The A2 Helmet is a standard issued combat helmet of the Vietnam People's Army. It was introduced around 2014, the exact date is unknown as the Vietnamese government does not publicly share information. They are the standard issued helmet in the Vietnam People's Army.

As the Special Forces, Border Guards, and Marines use domestically-produced or Israeli imported PASGT Helmets, they only use the A2 Helmets for training exercises.

History 
Up until 2014, a majority of the Vietnam People's Army were still using Pith Helmets. These Pith Helmets also saw significant use during the Vietnam War. Around 2014, the army began to mass-produce these A2 Helmets to replace older equipment in the army, while still being cost-effective. They are now the standard issue helmet commonly used across all branches of the army.

Design 
Although the helmet is shaped like a Kevlar helmet, there are no kevlar materials in the helmet. 

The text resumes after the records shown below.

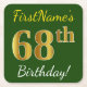 Green, Faux Gold 68th Birthday + Custom Name Square Paper Coaster
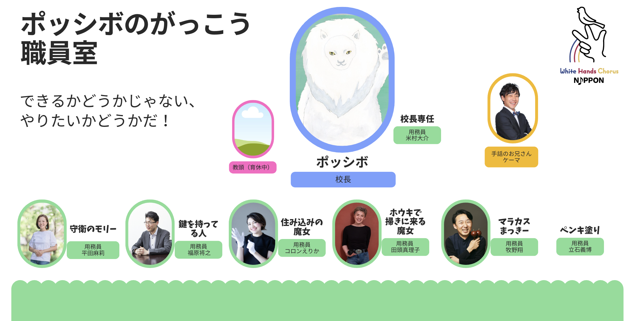 ポッシボ(Possible)は、ホワイトハンドコーラスNIPPONがつくった絵本”ミルとキクとポッシボ”に登場する、ホワイトライオンのしょうがいのあるかみさまです。口癖は、「できるかどうかじゃない、やりたいかどうかだ」。https://mirukikupossible.jp/
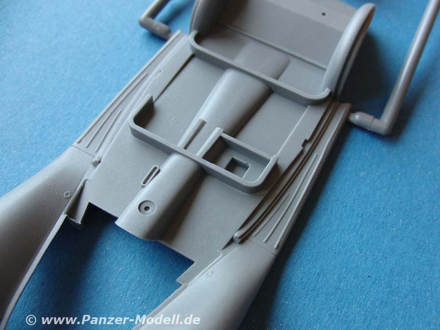Der Innenraum weist alle wichtigen Teile auf, wie Sitze und Sitzbank, Armaturen und Lenkrad. Und natürlich sind klare Plastikteile für Scheinwerfer und Fenster enthalten. Der Wagen lässt sich wahlweise offen oder mit verdeck bauen. Desweiteren weiss der Bausatz mit einem kompletten Motor und einem recht umfangreichen Rahmen und Federung/Lenkung zu gefallen.
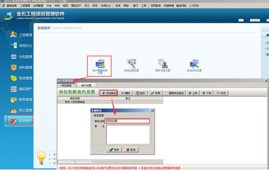 進入系統(tǒng)的“系統(tǒng)維護”點擊“用戶管理權(quán)限設(shè)置”,彈出“用戶權(quán)限維護”的對話框,點擊“崗位角色”-“添加角色”彈出“添加角色”的對話框,在角色名稱的文本框里面輸入“角色名稱”點擊保存的按鈕,如圖:
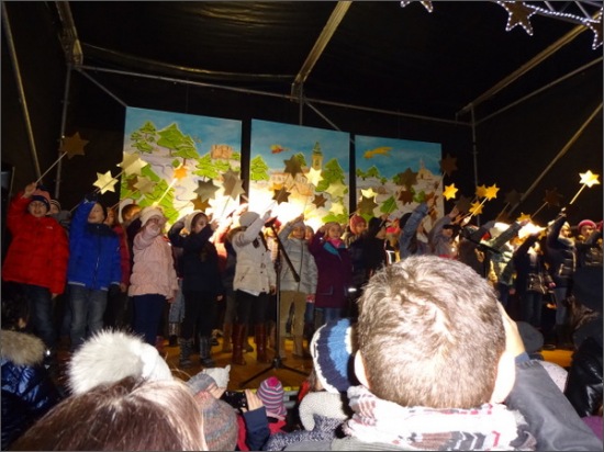 Am Freitagabend waren die Mädchen und Buben der 3a und 3b zu Gast beim Adventdorf in Neusiedl am See. Auf der großen Bühne präsentierten sie ihr Stück "Das Geschenk des Himmels". Viele Besucher lauschten begeistert den Liedern und Texten. Mit großem Applaus wurden die Kinder in das verdiente Wochenende verabschiedet.
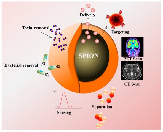 Superparamagnetic nanoparticles (SPIONs) as a contrast agent in PET, CT Scan, and their applications in targeting, drug delivery, removal of toxin, bacteria, and sensing.
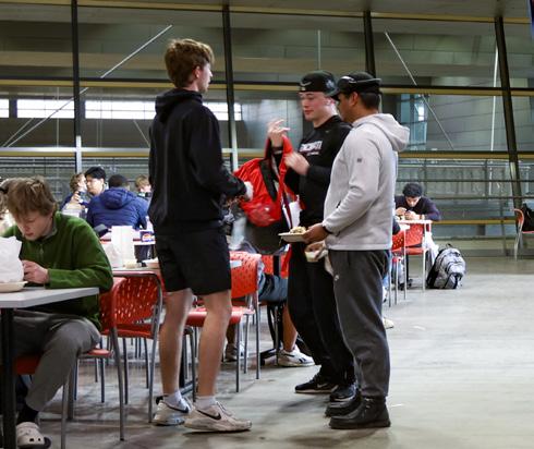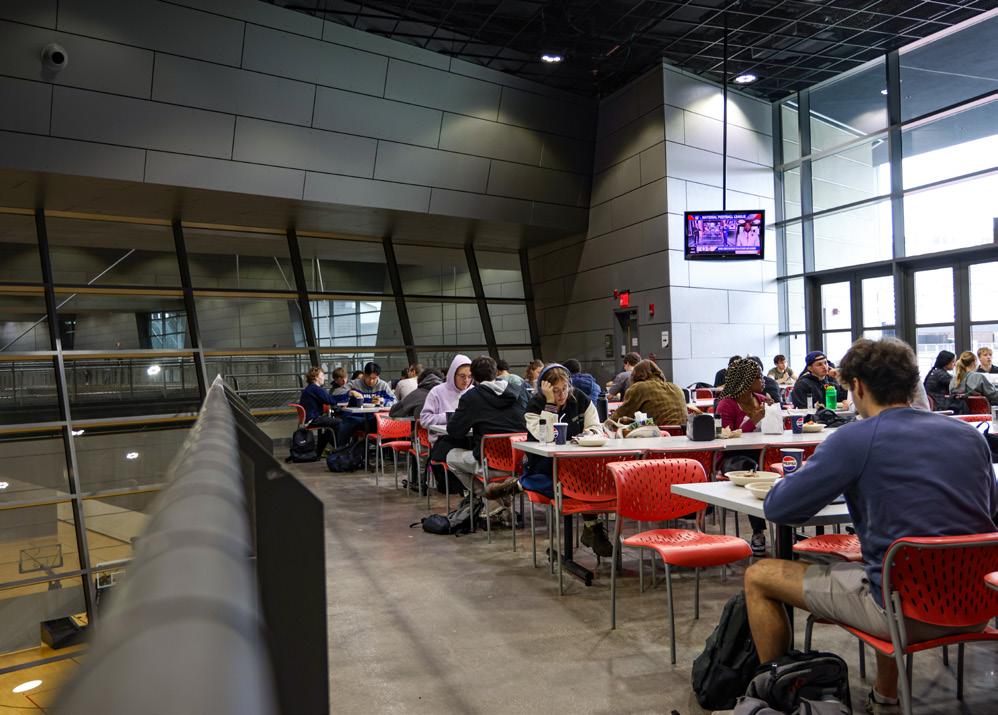 of campus. Close enough that during the football season the café is open with a special menu for game days. Inside, students are also located directly on top of Center Court, with a ledge overlooking the dining hall below.

The helmet is made of Polyamide Plastic. It is designed with double-layered plastic cladding that are overlapped, foam lining, and mesh fabric on the inside.

As it is not bulletproof, its main purpose is as a helmet for training exercises. It does however protect the user against explosive fragments. Therefore, the PASGT helmet would be used in combat situations.

They are commonly clothed with camouflage, or the camouflaged is directly painted on.